### DIRECTIONS FOR THIS TASK
Write out the listing below in full and exactly, leaving out every picture.

### RECORDED DATA
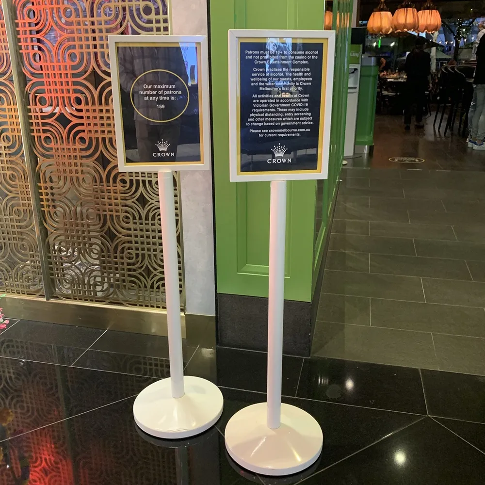 This metal poster holder, pedestal sign stand can have posters displayed on both sides to maximise your floor space! The small footprint of the display makes it easy for visitors and patrons to get around whilst still advertising upcoming events, product promotions, and more in multiple directions at once. The stand is 1420mm tall as well to easily be seen no matter where it is placed.
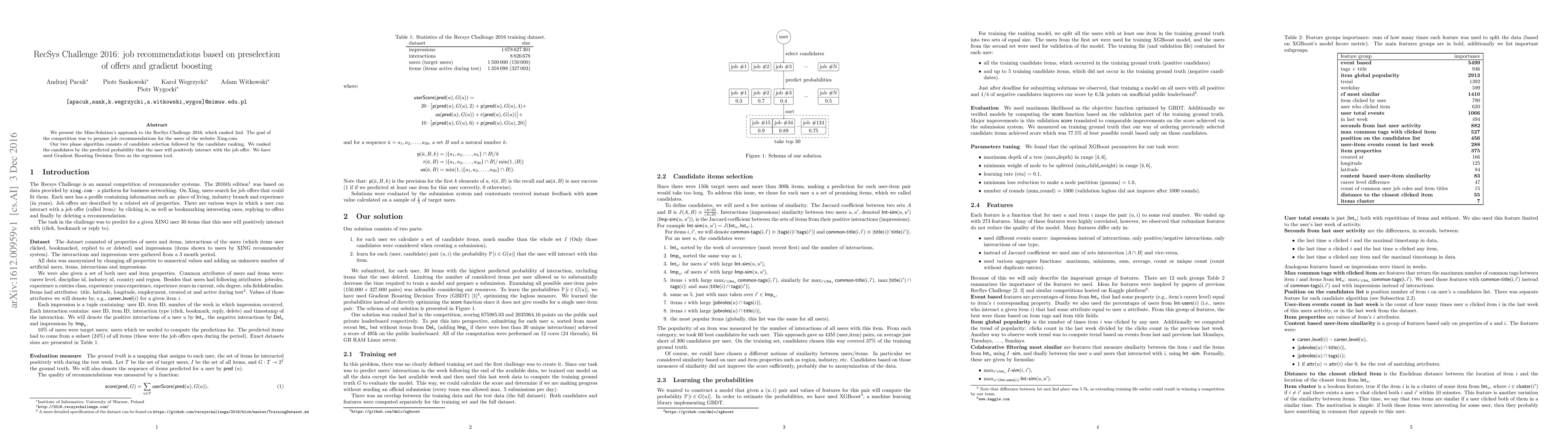 Researchers presented a 2nd-place finish at the RecSys Challenge 2016 using a two-phase algorithm combining candidate selection and gradient boosting decision trees to recommend job offers on Xing.com.
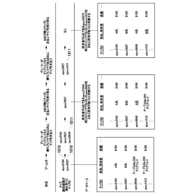 そこで本発明では、各々の遊技用代用貨幣の所有者情報を常時把握、管理して、セキュリティを高めるために、ディーラがプレイヤに対して遊技用代用貨幣を支払い、当該遊技用代用貨幣の所有者がカジノからプレイヤに移った際に、どのプレイヤに当該遊技用代用貨幣の所有が移ったかを把握し、記録することを可能にするシステムを提供することを目的とする。

### EXERCISE OUTPUT
 This metal poster holder, pedestal sign stand can have posters displayed on both sides to maximise your floor space! The small footprint of the display makes it easy for visitors and patrons to get around whilst still advertising upcoming events, product promotions, and more in multiple directions at once. The stand is 1420mm tall as well to easily be seen no matter where it is placed.
 Researchers presented a 2nd-place finish at the RecSys Challenge 2016 using a two-phase algorithm combining candidate selection and gradient boosting decision trees to recommend job offers on Xing.com.
 そこで本発明では、各々の遊技用代用貨幣の所有者情報を常時把握、管理して、セキュリティを高めるために、ディーラがプレイヤに対して遊技用代用貨幣を支払い、当該遊技用代用貨幣の所有者がカジノからプレイヤに移った際に、どのプレイヤに当該遊技用代用貨幣の所有が移ったかを把握し、記録することを可能にするシステムを提供することを目的とする。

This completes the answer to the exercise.